WORK ORDER: Using the data that follows, give again word for word the lines between the one holding "Fairycore Women's Vintage" and the one holding "在隨后的大會(huì)現(x", inclusive. Omit the pictures.

INPUT:
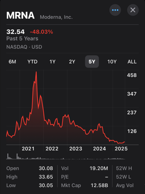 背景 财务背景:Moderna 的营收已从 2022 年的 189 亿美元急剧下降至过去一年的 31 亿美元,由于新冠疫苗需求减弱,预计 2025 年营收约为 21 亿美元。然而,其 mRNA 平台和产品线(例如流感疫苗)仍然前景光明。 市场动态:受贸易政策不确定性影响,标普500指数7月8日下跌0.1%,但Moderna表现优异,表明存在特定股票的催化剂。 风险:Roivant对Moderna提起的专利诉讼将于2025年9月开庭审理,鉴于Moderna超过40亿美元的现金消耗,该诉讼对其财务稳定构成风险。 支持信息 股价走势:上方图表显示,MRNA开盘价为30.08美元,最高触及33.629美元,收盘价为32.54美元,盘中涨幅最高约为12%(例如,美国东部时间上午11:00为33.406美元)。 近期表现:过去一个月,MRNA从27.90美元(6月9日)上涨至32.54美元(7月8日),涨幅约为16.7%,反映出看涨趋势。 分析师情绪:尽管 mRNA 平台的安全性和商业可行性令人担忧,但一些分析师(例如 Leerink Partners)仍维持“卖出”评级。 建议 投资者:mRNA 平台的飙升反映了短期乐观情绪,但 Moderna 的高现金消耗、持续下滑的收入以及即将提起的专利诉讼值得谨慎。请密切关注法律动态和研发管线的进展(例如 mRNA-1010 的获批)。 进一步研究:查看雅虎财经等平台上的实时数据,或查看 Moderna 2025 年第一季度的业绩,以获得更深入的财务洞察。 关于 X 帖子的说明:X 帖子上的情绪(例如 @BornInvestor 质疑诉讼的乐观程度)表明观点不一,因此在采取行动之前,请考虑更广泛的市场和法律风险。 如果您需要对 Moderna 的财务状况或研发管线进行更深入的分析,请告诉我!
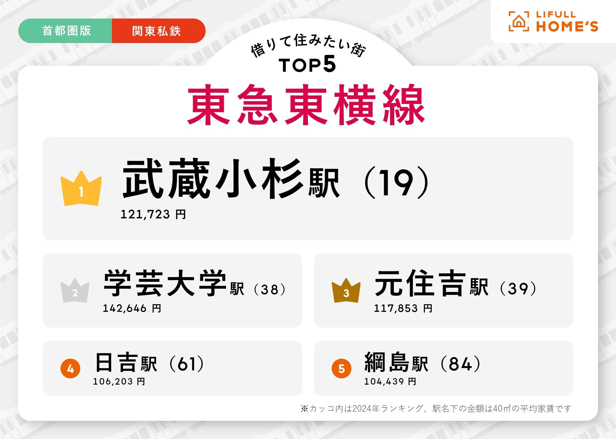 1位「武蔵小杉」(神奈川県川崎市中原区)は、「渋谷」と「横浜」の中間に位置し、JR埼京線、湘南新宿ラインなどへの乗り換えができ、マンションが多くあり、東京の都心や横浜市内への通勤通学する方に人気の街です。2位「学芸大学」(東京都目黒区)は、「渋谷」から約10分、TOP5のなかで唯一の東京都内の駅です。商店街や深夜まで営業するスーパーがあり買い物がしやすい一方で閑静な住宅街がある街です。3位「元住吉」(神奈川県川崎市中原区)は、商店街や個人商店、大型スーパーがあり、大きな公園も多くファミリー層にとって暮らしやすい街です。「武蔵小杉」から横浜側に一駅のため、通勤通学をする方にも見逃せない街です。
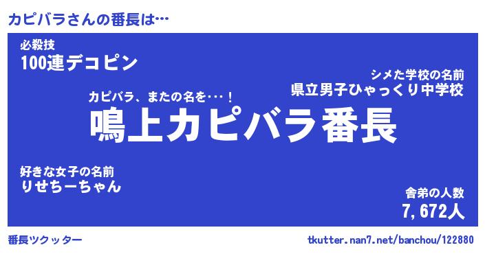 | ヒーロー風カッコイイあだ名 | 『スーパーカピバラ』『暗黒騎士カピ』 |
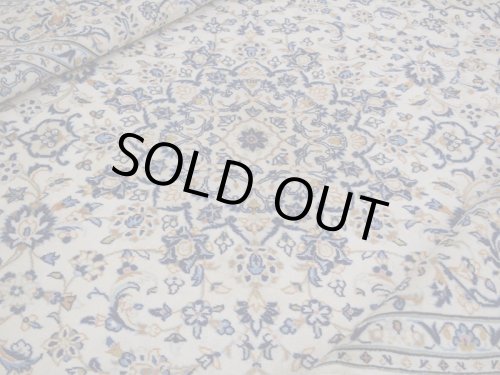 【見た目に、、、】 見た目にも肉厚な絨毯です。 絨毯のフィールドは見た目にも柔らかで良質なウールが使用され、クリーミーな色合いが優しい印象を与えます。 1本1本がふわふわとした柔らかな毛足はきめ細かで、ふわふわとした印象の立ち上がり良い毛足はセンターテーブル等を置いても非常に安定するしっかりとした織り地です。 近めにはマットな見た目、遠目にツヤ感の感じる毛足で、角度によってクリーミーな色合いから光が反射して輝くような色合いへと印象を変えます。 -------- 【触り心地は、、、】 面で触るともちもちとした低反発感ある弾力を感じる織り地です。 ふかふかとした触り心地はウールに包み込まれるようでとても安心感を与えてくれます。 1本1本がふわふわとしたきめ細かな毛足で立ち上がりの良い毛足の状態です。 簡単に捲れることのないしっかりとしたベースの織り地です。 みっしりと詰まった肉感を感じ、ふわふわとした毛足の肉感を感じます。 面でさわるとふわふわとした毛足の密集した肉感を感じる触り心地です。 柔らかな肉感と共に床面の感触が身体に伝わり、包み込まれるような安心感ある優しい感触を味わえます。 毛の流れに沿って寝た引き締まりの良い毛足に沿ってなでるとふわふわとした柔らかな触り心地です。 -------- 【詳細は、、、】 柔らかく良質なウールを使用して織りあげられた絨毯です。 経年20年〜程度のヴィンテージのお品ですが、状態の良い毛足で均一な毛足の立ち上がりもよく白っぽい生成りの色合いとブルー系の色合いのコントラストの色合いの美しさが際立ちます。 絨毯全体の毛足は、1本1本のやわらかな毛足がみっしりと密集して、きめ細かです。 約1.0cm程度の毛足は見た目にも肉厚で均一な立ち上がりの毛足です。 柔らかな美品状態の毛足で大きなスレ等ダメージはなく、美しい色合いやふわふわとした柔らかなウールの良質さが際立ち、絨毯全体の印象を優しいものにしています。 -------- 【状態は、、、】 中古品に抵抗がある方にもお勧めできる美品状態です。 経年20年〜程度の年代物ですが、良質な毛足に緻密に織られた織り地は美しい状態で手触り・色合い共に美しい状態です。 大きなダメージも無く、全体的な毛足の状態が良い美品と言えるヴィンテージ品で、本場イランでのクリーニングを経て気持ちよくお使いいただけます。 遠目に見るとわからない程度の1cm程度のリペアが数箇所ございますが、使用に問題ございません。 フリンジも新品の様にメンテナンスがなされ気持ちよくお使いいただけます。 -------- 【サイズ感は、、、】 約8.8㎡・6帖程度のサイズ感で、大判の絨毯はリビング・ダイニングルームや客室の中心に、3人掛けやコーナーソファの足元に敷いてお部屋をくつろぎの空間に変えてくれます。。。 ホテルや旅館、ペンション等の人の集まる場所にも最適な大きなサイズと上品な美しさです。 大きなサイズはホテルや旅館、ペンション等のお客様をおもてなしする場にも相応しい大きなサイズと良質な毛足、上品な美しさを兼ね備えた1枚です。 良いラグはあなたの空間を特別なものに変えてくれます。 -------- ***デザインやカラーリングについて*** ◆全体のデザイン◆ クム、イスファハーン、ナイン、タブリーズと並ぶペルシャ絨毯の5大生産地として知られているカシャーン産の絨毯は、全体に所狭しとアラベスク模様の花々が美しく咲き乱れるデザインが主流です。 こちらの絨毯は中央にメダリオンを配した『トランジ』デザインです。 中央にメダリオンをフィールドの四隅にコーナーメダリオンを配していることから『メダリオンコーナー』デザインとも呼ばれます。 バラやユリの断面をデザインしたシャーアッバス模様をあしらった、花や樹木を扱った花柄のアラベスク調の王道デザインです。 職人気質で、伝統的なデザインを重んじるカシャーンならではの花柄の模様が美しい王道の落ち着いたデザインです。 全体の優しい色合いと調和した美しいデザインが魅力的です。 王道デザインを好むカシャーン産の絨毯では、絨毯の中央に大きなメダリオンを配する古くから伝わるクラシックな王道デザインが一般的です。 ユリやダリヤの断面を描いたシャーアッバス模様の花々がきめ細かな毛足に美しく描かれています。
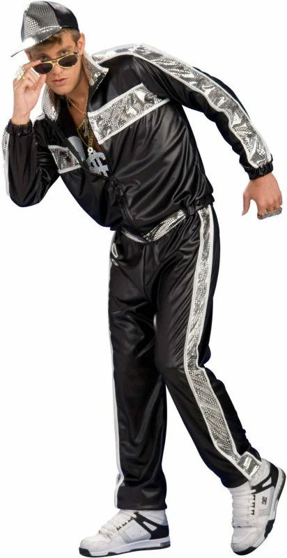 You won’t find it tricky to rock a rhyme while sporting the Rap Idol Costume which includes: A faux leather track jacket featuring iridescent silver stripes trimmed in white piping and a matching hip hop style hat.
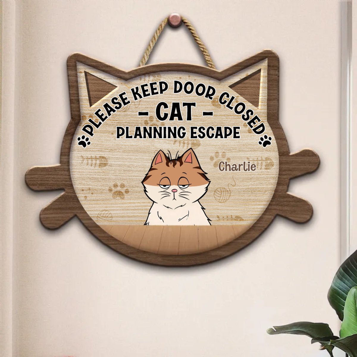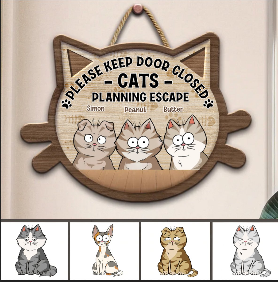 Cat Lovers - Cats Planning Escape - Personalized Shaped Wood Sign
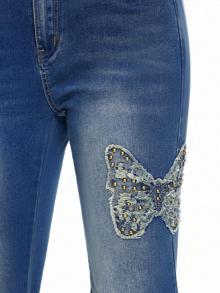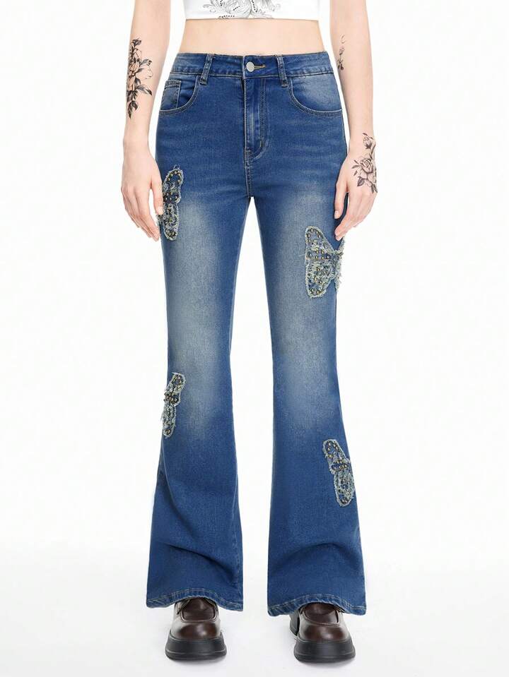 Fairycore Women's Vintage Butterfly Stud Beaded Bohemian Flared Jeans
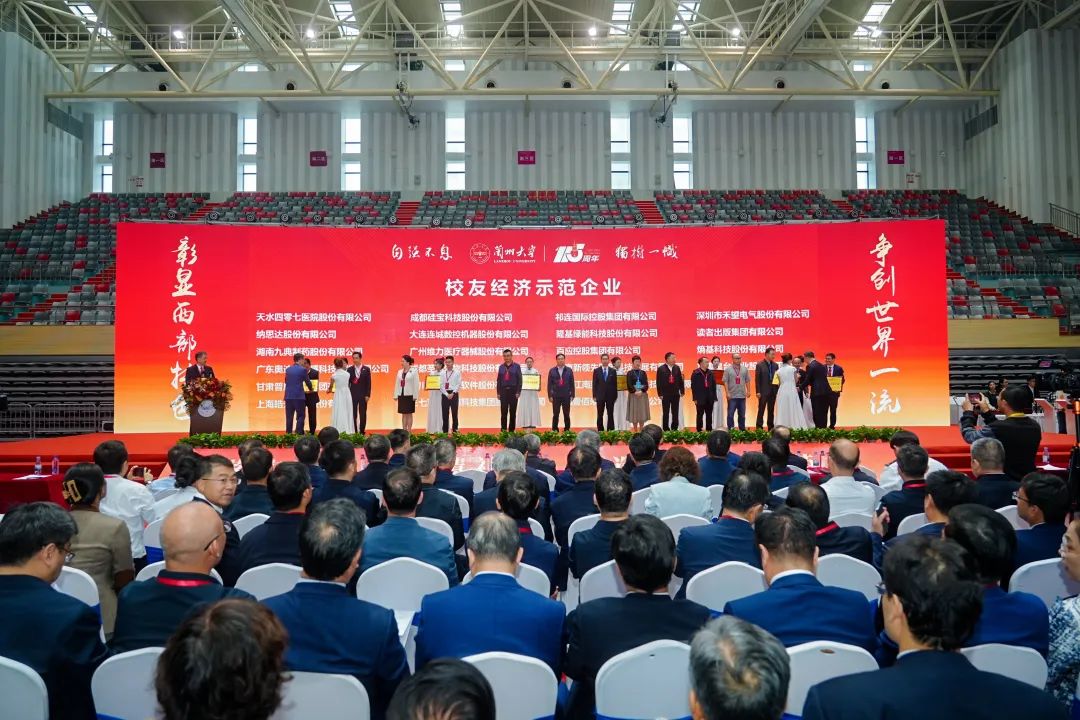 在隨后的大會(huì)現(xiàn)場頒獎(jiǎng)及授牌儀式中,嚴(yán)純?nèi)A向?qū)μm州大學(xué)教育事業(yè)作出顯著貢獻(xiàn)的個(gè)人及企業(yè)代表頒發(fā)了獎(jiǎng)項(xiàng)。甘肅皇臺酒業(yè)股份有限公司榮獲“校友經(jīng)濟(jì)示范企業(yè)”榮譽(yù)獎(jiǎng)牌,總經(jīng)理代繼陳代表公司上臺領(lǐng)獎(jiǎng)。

* * *

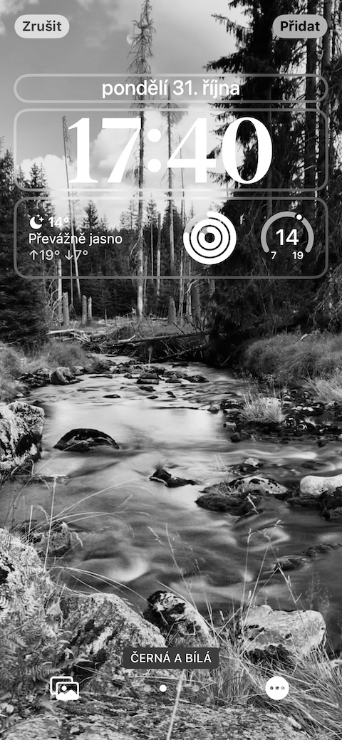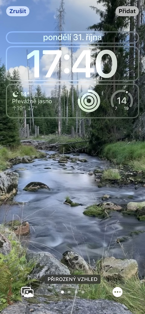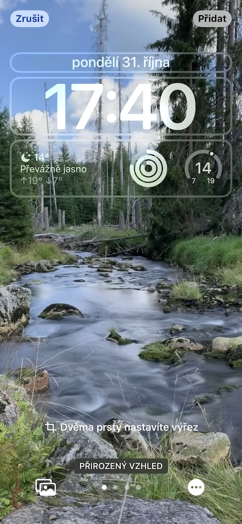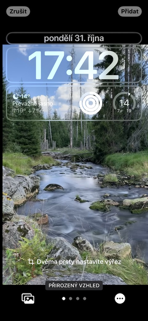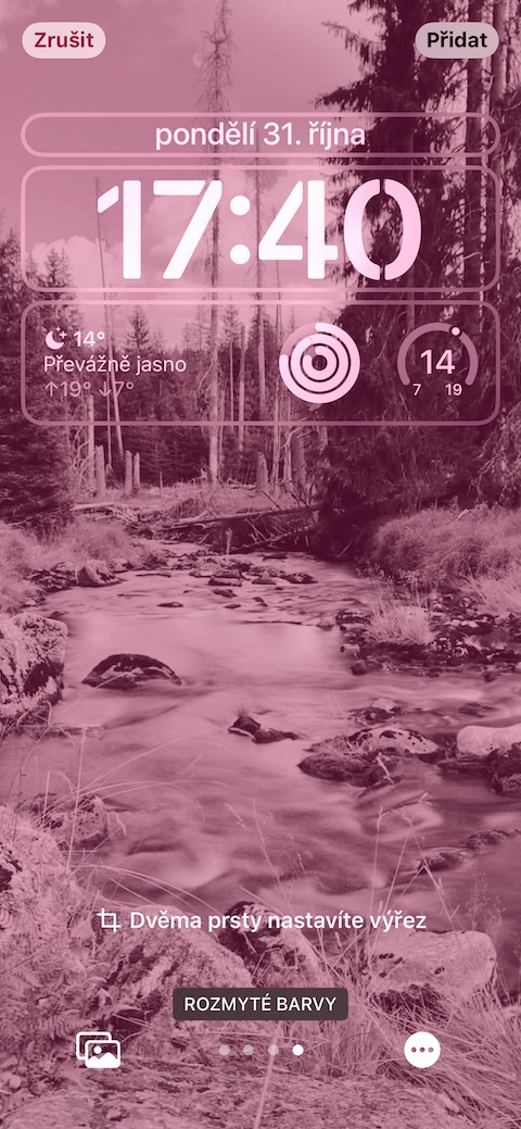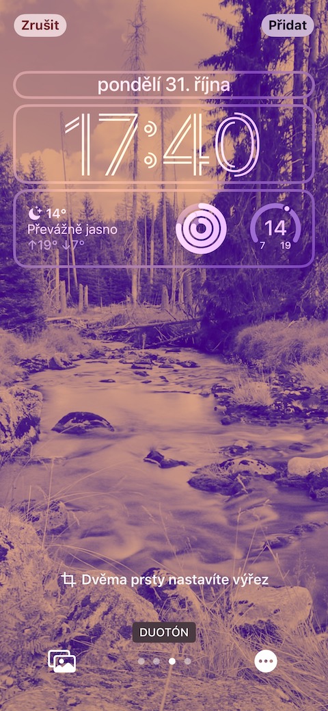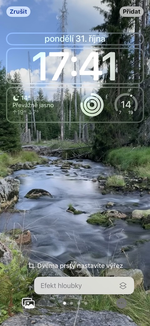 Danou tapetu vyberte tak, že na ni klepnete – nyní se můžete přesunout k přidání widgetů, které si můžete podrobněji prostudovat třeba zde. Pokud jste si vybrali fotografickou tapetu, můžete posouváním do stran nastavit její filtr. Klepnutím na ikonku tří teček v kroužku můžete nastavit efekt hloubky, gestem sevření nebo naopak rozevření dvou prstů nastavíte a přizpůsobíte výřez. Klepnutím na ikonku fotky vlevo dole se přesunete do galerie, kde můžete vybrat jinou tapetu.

---

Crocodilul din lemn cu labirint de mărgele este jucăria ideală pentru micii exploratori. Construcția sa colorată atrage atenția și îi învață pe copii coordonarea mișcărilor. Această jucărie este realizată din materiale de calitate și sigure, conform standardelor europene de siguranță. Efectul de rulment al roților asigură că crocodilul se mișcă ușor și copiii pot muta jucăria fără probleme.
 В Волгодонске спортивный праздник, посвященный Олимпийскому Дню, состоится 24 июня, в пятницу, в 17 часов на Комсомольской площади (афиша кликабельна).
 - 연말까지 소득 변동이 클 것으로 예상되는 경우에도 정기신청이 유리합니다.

RESPONSE AREA:
 Fairycore Women's Vintage Butterfly Stud Beaded Bohemian Flared Jeans
 在隨后的大會(huì)現(xiàn)場頒獎(jiǎng)及授牌儀式中,嚴(yán)純?nèi)A向?qū)μm州大學(xué)教育事業(yè)作出顯著貢獻(xiàn)的個(gè)人及企業(yè)代表頒發(fā)了獎(jiǎng)項(xiàng)。甘肅皇臺酒業(yè)股份有限公司榮獲“校友經(jīng)濟(jì)示范企業(yè)”榮譽(yù)獎(jiǎng)牌,總經(jīng)理代繼陳代表公司上臺領(lǐng)獎(jiǎng)。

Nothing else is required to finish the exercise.